Desafección catalana
La consulta soberanista, minoritaria, se beneficia del mayoritario temor a un recorte del Estatuto
Jamás en 30 años de autonomía el independentismo se había sentido con el suficiente vigor en Cataluña como para plantearse, siquiera como ejercicio festivo, la celebración de una consulta sobre la autodeterminación. El experimento del pasado septiembre en Arenys de Munt, un éxito de sus promotores a efectos de propaganda, cristalizó en el ensayo general de ayer en 166 municipios que suman 700.000 electores, el 10% de la población catalana. Como estaba previsto, el sí ganó con claridad en la votación, legal aunque jurídicamente inocua. Pero las cifras de participación enfriaron ligeramente la euforia de los convocantes: sólo fueron a las urnas unos 200.000 catalanes. Es decir, cerca del 30% de los convocados, 20 puntos menos que en el referéndum del Estatuto y 10 por debajo del listón que se había fijado la propia organización.

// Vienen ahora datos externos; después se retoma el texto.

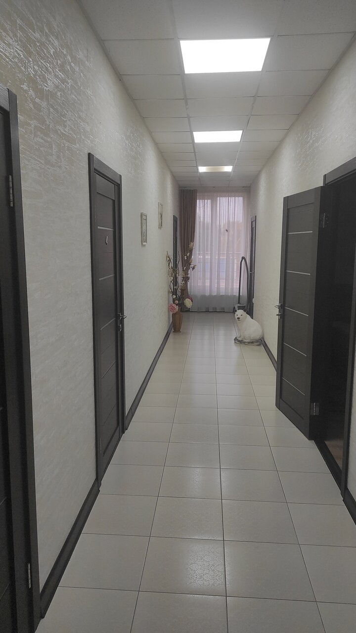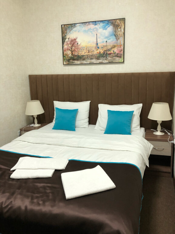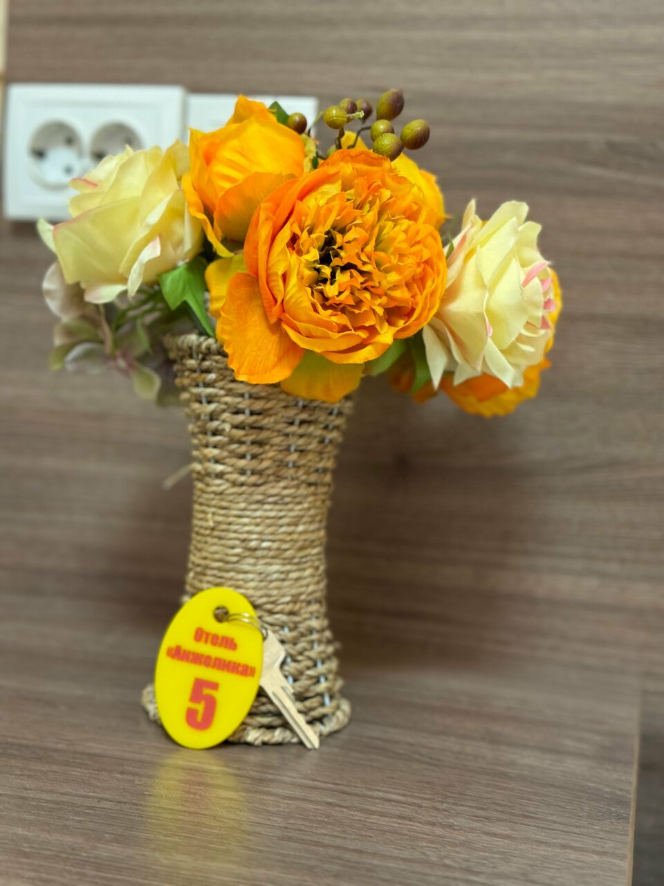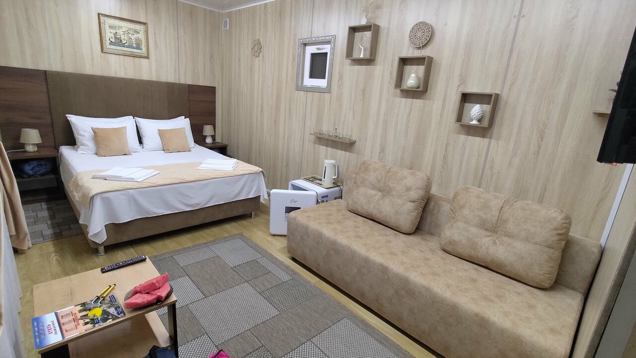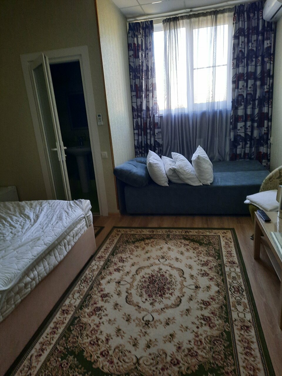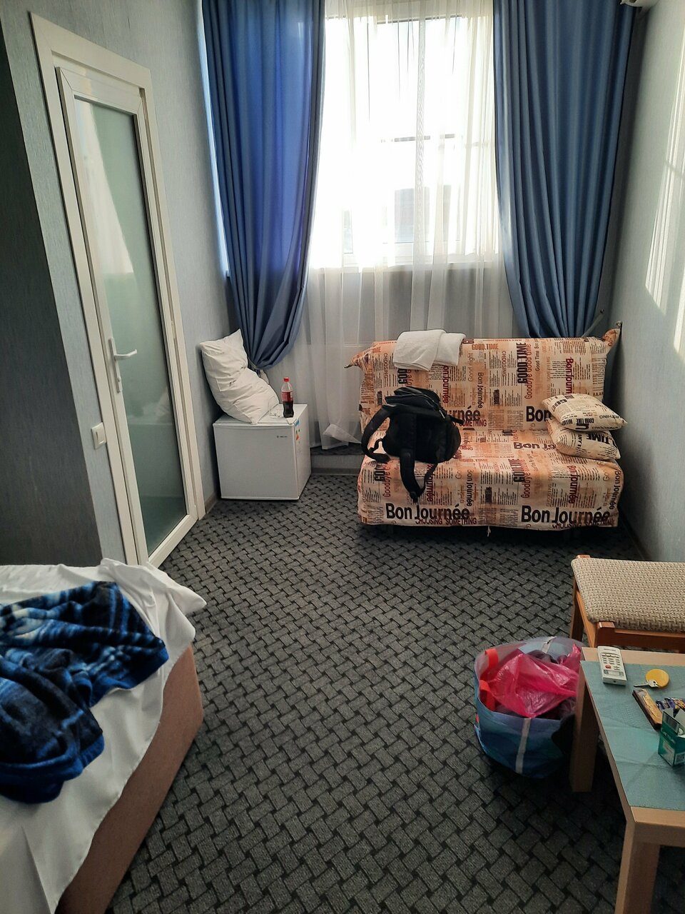Отель называется Анжелика. Новые, очень чистые и Красивые номера. Мебельный фонд Новый в современном стиле. Мы брали номер на семью из трёх человек. В номере имеется: кондиционер, одна двухспальная кровать, у кровати две прикроватные тумбочкии, над кроватью светильники, раскладной диванчик, телевизор, стол с зеркалом, пуфик, столи на котором находится поднос с тремя кружками и пакетиками чая, постельное белье , полотенце на всех отдельно, комната просторная. В ванной комнате просторно, имеются наборы с зубными щётками и пастами, каждый набор упакован в отдельный пакетик, так же имеются разовые пакетики с гелем для душа и шампунь. На этаже стоит подключённый Куллер с холодной и горячей водой. На территории на заднем дворе отеля есть парковка, на первом этаже имеется круглосуточный магазин. Очень приветливый персонал. Мы остановились в 22-00 и выехали в 9 утра. Отелем остались очень довольны.
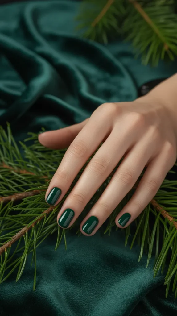 Deep emerald short nails give instant luxury vibes. The rich green tone channels that cozy December nails energy while staying classy and sophisticated. Itβs a color that flatters every skin tone and feels festive without being flashy. π
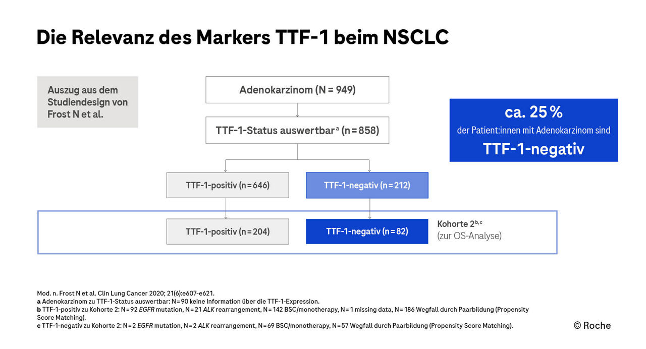 Grundlage für die Empfehlung ist die retrospektive Studie von PD Dr. Frost und Kolleg:innen. Die Daten sind eindrücklich und zeigen, dass ein Pemetrexed-freies Regime für Patient:innen mit TTF-1-negativen Adenokarzinomen das Risiko zu versterben um 60 % senkte (HR: 0,40).1
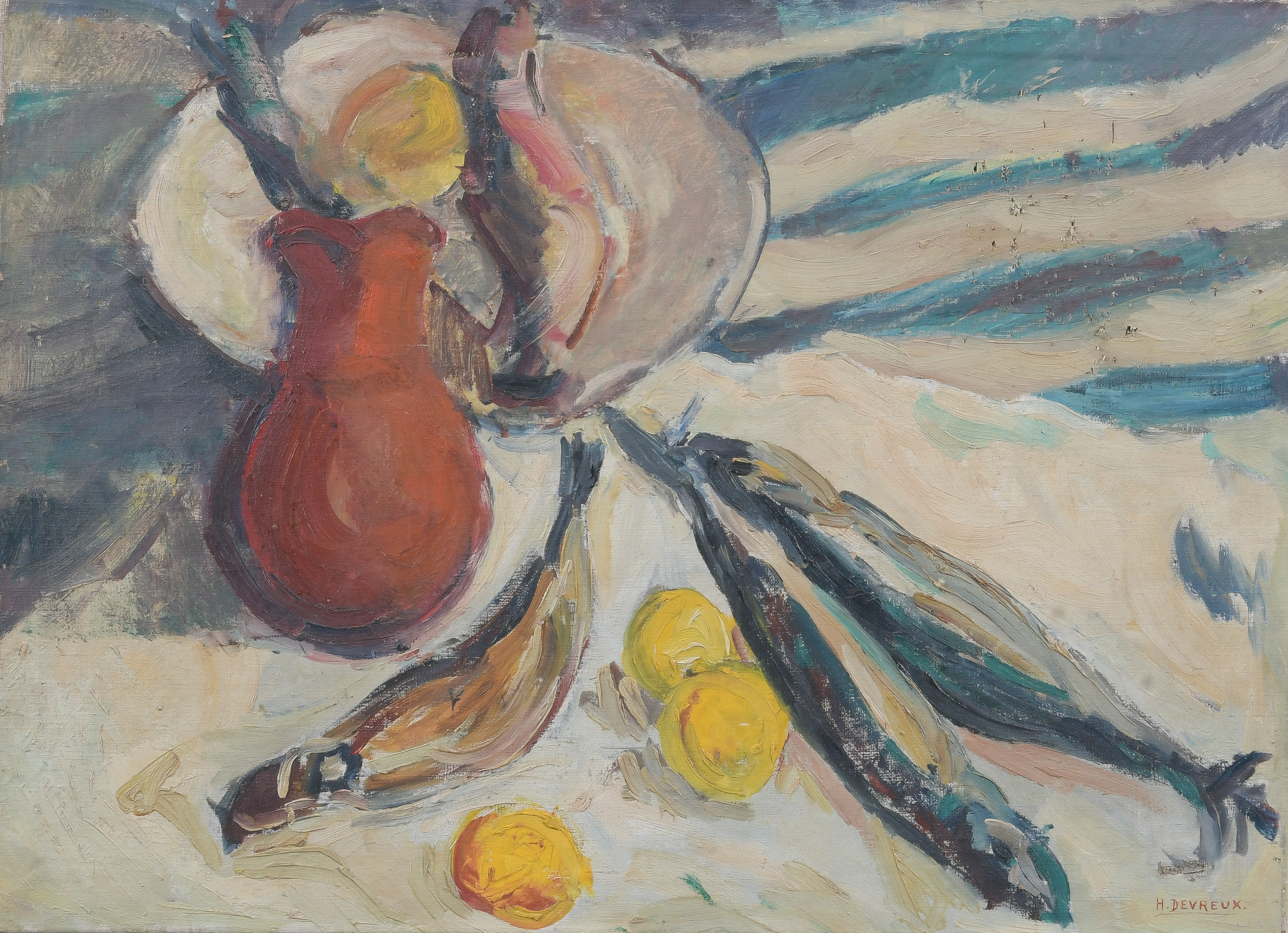 - Katalog-Nr: 1234Patrick Devreux (*1949). Stillleben mit Fischen, Zitronen und Krug. Öl/Lw., re./u./sign., 49 x 68 cm. (besch.)o.L.
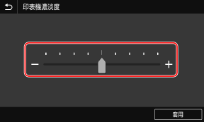 輕觸 [+] 和 [-] 按鈕可調整值。滑桿顯示如下時,您可以向左或向右拖曳來調整值。
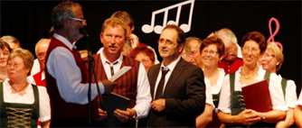 Der zweite Teil war dem Auftritt der Chor Gemeinschaft Lachen im Allgäu vor behalten. Mit dem Verein in der ca. 1500 Einwohner zählenden Gemeinde im Ostallgäu ver-bindet die Sänger aus Buggingen eine langjährige Freundschaft, wie Günther Schlenker als Vorsitzender des Gastgebervereines betonte. Das Repertoire umfasste vorwiegend moderne Liede3r. Jedoch standesgemäß nach bayrischer Lebensart überreichte der dortige Vorsitzende an den Gastgeber ein Fass des Gerstensaftes und an Gün-ther Schlenker und Mathias Untch symbolisch einen Bierkrug.
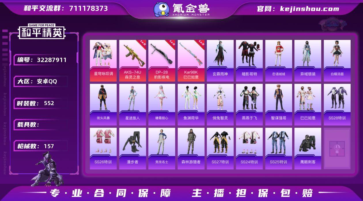 【特价出售】安卓Q-1粉装6特效枪6热门138套装157枪皮 44022热力值 11印记 历史超级王牌18星 【1粉装】 星穹咏叹调 【6特效枪】 AKS-74U-森灵之息 (5级) Kar98K-巳巳如意 (5级) DP-28-豹影疾电 (5级) AKS-74U-森灵之息 (5级) Mk14-福马献瑞 (5级) UMP45-萌骑冒险 (5级) 【6热门】 龟仙人 鹰眼刺客 暗影哥特 漫步者 韶华初心 破蛋小黄鸡 【1背包】 深海曼妙背包
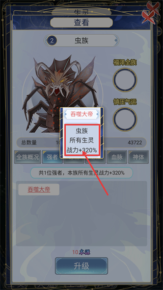 4、解锁强者【吞噬大帝】,让虫族所有生灵战力+320%,大幅提升族群整体战力。
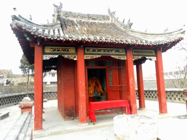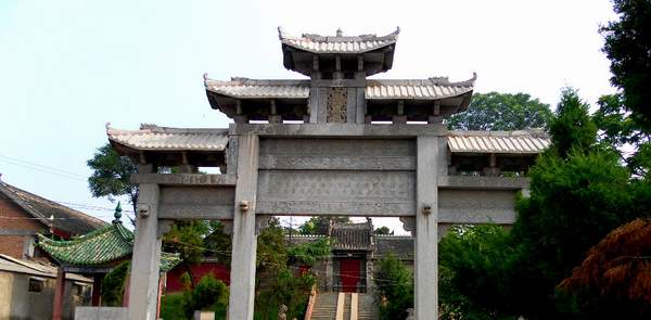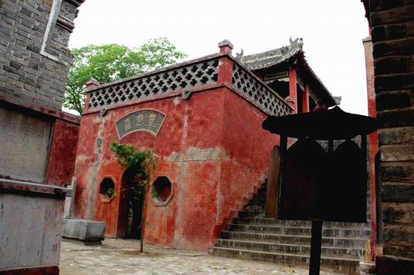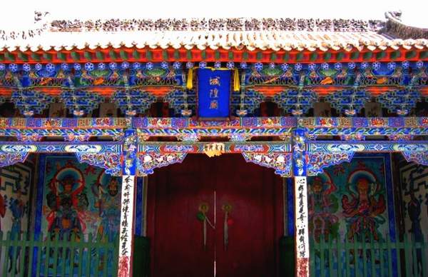 玉清观牌楼四柱三檐,牌楼后第一进是灵官殿,单檐悬山顶,供奉道观的护法神——王灵官,左右陪祀方角、耿通二位大将军。
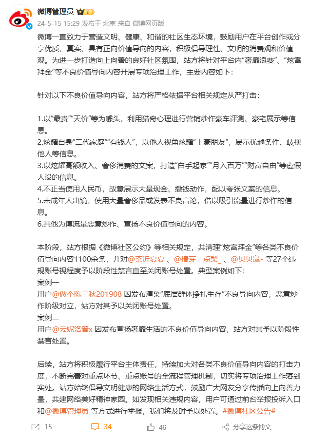 微博公告则显示,目前共清理“炫富拜金”等各类不良价值导向内容1100余条,并对27个违规账号视程度予以阶段性禁言直至关闭账号处置。

Este porcentaje, sin embargo, es sensiblemente superior al peso sociológico del independentismo catalán, que según las encuestas ronda el 20%.
Quien los busque hallará sobrados argumentos para desdeñar el valor de esta consulta como termómetro social. Es obvio que ha sido un divertimento organizado por y para independentistas, de modo que quienes no lo son carecían de incentivos para acudir a las urnas. Que se tratara de una votación testimonial explica que ningún partido hiciera campaña por el no, y también que muchos hayan apoyado la autodeterminación sin sopesar seriamente las consecuencias que ésta acarrearía. Siendo cierto todo ello, sería miope despreciar la espuma sin analizar el mar de fondo subyacente.
Hace cuatro años, cuando el Parlamento catalán envió a las Cortes su proyecto estatutario, se desencadenó una feroz campaña que dio en llamarse catalanofobia. Al estruendo mediático se sumó la recogida de firmas contra el Estatuto a cargo del PP, la ofensiva contra la OPA de Gas Natural sobre Endesa (antes alemana que catalana, sugirió una conspicua líder conservadora) y el boicot al cava, por poner tres ejemplos. Germinó entonces en Cataluña un sentimiento de desafección hacia el resto de España que con el tiempo ha anidado de modo transversal en influyentes sectores sociales. El temor a que el Tribunal Constitucional dicte un severo recorte del Estatuto está alimentando ahora ese desapego.
La sensación de que lo que esbozó el Parlamento, troquelaron las Cortes y refrendaron los catalanes puede acabar hecho trizas en manos del alto tribunal debilita en Cataluña a los valedores de la vía autonomista -quienes aún sueñan con una España federal y en paz con su propia pluralidad- y envalentona a los oportunistas del cuanto peor mejor, deseosos de que un Estatuto gravemente mutilado alumbre una mayoría favorable a la independencia. El líder de CiU, Artur Mas, reconoció hace poco que una consulta soberanista de carácter vinculante sólo evidenciaría que, por ahora, "Cataluña quiere ser española". La peor noticia sería que su diagnóstico quedase obsoleto.